We walked around and observed what was growing in the vegetable beds, talked about gardening do’s and don’ts, agreed to plant more aspargus and tasted the ripening passionfruits.
We also worked on cleaning and clearing the native plant beds that have such a wonderful success this year.
Sunday was such a wonderful day that I’m going to have to break my posting into two parts. On top of a week where I got to meet garden volunteer Alan, who’s journal entries and volunteer work in the garden I’ve been so much enjoying, and further on top of Wunderkind volunteer Ella, who has moved into the garden and seemingly lives there, this week saw the resumption of UVA’s Madison House coming to the garden to volunteer.
This is the fifth season that volunteers from Madison House have chosen to come to PVCC garden and I have to take a moment to thank those who have returned for two, three, and even four years. Led again this year by Varun Kavuru, we also have the stalwarts Chris Porter, Henry Wykowski, Owen Robinson, and Malcolm Maloney. These guys are awesome! We don’t need to give them much guidance anymore. They walk in and own the garden. They’ve also got a bunch of new volunteers working alongside them that we’re looking forward to working with this semester and just possibly, for many years to come.
Madison House volunteers will be coming to the garden on Fridays at 3:00 and Sundays at noon.
We were graced a second time season by angels from the Junior League of Charlottesville. As the sun was starting throw spanners off the hipped green roof of the nearby Dickinson building, all was smiles and sparkle as members of the fabulous league got a tour of the garden and then, as one could clearly see that this is a group that wants to WORK, we got down to the serious work of thinning plants. I call it plant murdering and find it causes some inner turmoil, but thinning too closely planted crops is an essential part of this business.
Weather permitting, the Junior League will be back to visit us for one more time from 9:00-11:00 this coming Sunday.

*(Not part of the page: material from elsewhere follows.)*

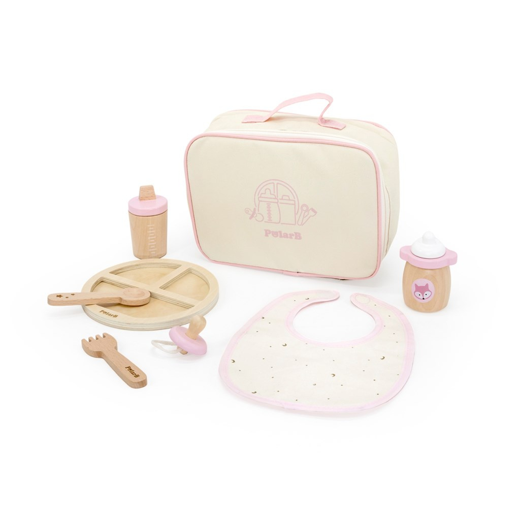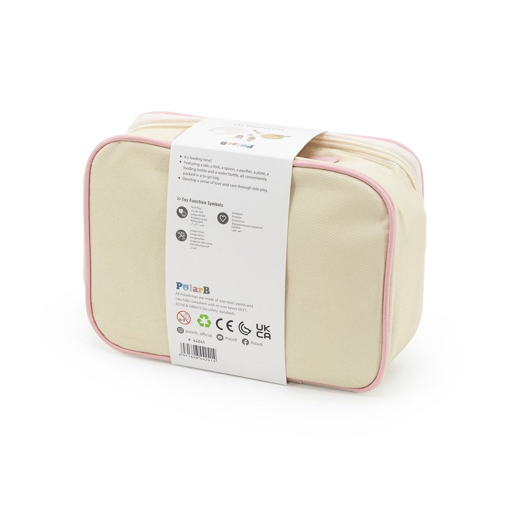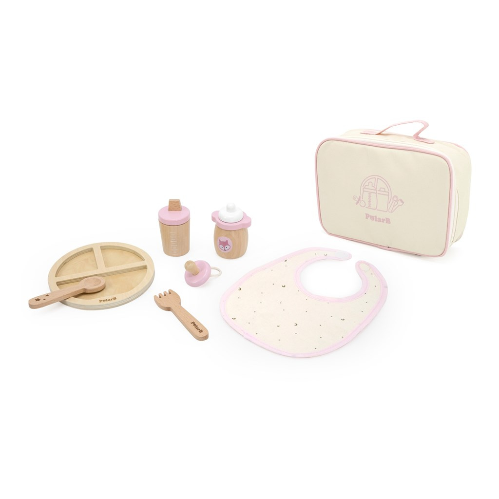 V sadě najdete: bryndáček, vidličku, lžičku, dudlík, talířek, láhev na krmení a láhev s vodou – vše přehledně zabaleno v látkovém organizéru.

On September 20th members of UVA’s Indian Student Association came to volunteer in the garden in honor of Gandhi Day. This annual day of service by this group has become something that we look forward to as we begin to get into late September. The day’s temperature was a bit high but so were the spirits and we passed the day with laughter and good conversation.

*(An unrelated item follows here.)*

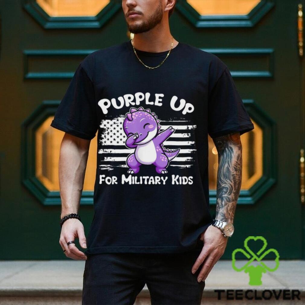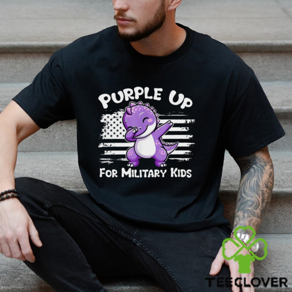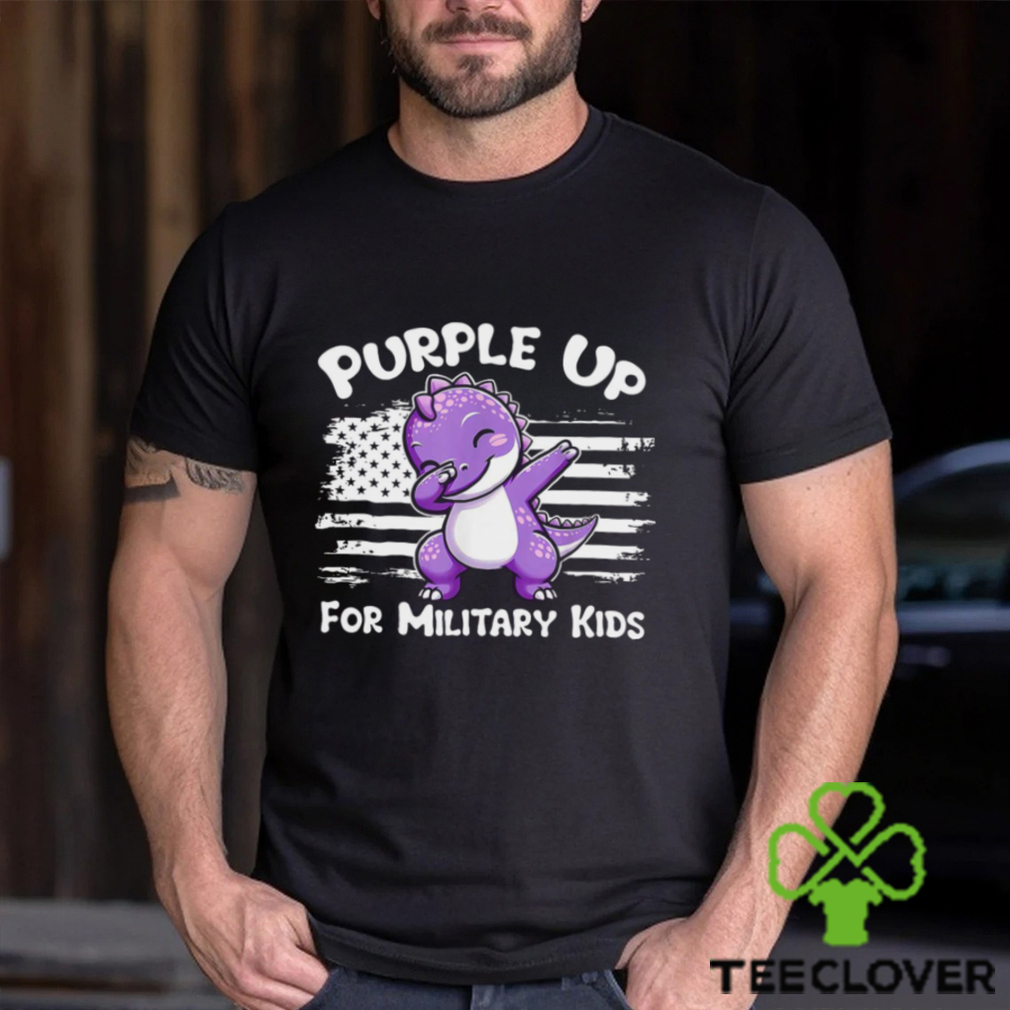 Dinosaur purple up for military kids USA flag shirt

What an exciting day we had Saturday! For starters, it rained heavily overnight and was looking off and on rainy throughout the day, so with heavy heart I contacted Juliet Trail and left a phone message calling off the volunteer team that she’d assembled to visit the garden in the afternoon. Making those calls isn’t fun, but no coordinator ever wants volunteers to have a bad experience, and for many people working in a garden in the rain is less than fun. For others it can still be wonderful but those people are rare.

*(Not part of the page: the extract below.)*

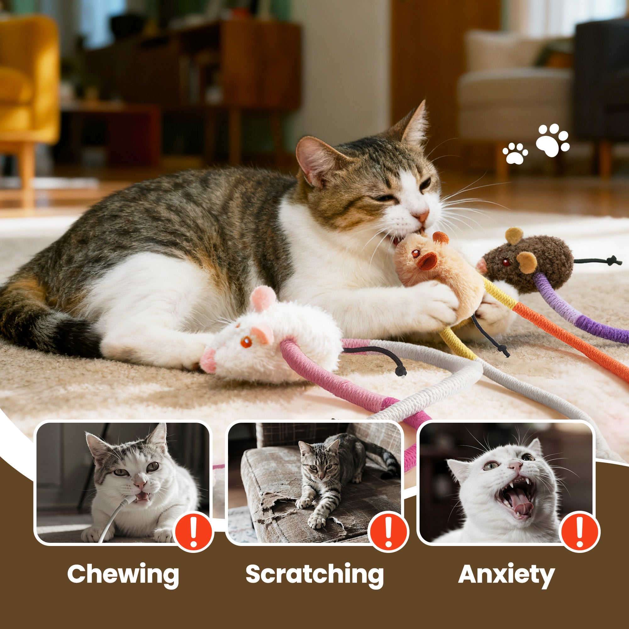 - 3-in-1 Design for Versatile Fun - Combine catnip mice and chew ropes in one set!

Saturday was also the Heritage Harvest Festival at Monticello. When I called off the volunteers I stayed longer at the awesome festival, then took a bus back to PVCC where the transportation was being staged. Arriving, I was pretty surprised to see a group of about a dozen people working in the community garden! It turned out that Juliet hadn’t gotten my message, the rain let up, and she decided to just go ahead with the workday even though no representative of the garden showed up. Not bad, Juliet, not bad at all.
Juliet was coordinating this event at part of Guilford College’s Day of Service happening at sites up and down the east coast. She contacted our local Tandem Friends School, a Quaker school like Guilford, and recruited Tandem seniors to join her helping in the garden growing food to feed the hungry. She also brought some friends with her. Erin Hughey-Commers also came to the garden and brought her little sister Alyriah.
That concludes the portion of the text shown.